Want to see pages and pages of comments? Post to a forum where parents are
members that you're having a baby and are thinking about different approaches
to parenting. A firestorm will ensue; nobody has to care about you and your
baby at all.

How about "I'm going to buy a laptop, should I get a Mac or not?" This sort of
thing causes server owners to consider liquid cooling systems.

------
retroafroman
This is quite a simple and compelling idea. I see friends asking for product
reviews and recommendations in their status messages all the time.

------
helium
Facebook doesn't just know about your past. I recently got engaged, and all
the Facebook ads I see are about weddings, honeymoons, etc...

------
scrrr
What should kill Facebook is an open, distributed system. It should be more
like email. That's why frid.ge stands no chance, because it is basically the
same as Facebook. I have hopes for Diaspora.

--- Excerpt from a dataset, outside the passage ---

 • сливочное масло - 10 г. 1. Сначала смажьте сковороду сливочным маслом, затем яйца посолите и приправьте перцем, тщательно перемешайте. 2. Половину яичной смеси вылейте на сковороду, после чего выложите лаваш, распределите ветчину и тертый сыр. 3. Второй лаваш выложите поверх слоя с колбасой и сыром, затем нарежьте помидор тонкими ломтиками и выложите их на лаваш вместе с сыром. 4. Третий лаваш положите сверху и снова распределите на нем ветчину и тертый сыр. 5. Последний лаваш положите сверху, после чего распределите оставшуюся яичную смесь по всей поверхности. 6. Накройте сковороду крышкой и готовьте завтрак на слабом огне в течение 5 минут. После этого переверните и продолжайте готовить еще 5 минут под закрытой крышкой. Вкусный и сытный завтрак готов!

Openness and profits don't have to be exclusive. Any successful email marketer
probably can testify to this. And Google most definitely can.

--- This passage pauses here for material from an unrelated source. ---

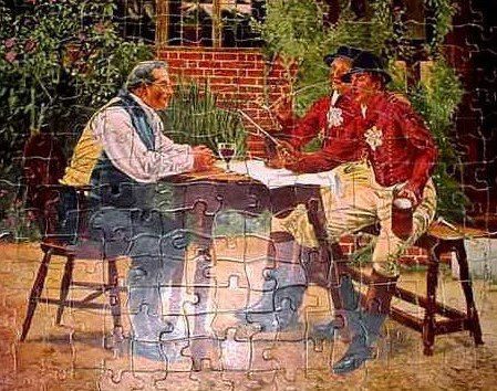 Early jigsaw puzzles did not have true interlocking pieces and sometimes, no picture to guide you! They covered a variety of subjects including storybook characters, historical scenes, fantasy bucolic visions of homes and gardens .

Just for the sake of professional pride, talented developers and entrepreneurs
should be able to make something that can compete with FB. I have little
sympathy for top-people like the Google Maps creator joining Facebook. They
should be better than that.

But who knows, maybe I'm just a liberal crackhead living in a dream-world and
people really do need a walled system where they can get rid of that pesky
privacy, the overwhelming choices of open systems and the boring speeches of
arrogant intellectuals.

</yadayada>

------
janj
I'm trying to do a very specific subset of this within my app. The plan is ask
users when they would like to take a cruise, where they're leaving from, about
how much to spend, how to contact etc. Store this in a database and give
cruise vendors access to this information where they can send out what they
have available that matches the users criteria through the app.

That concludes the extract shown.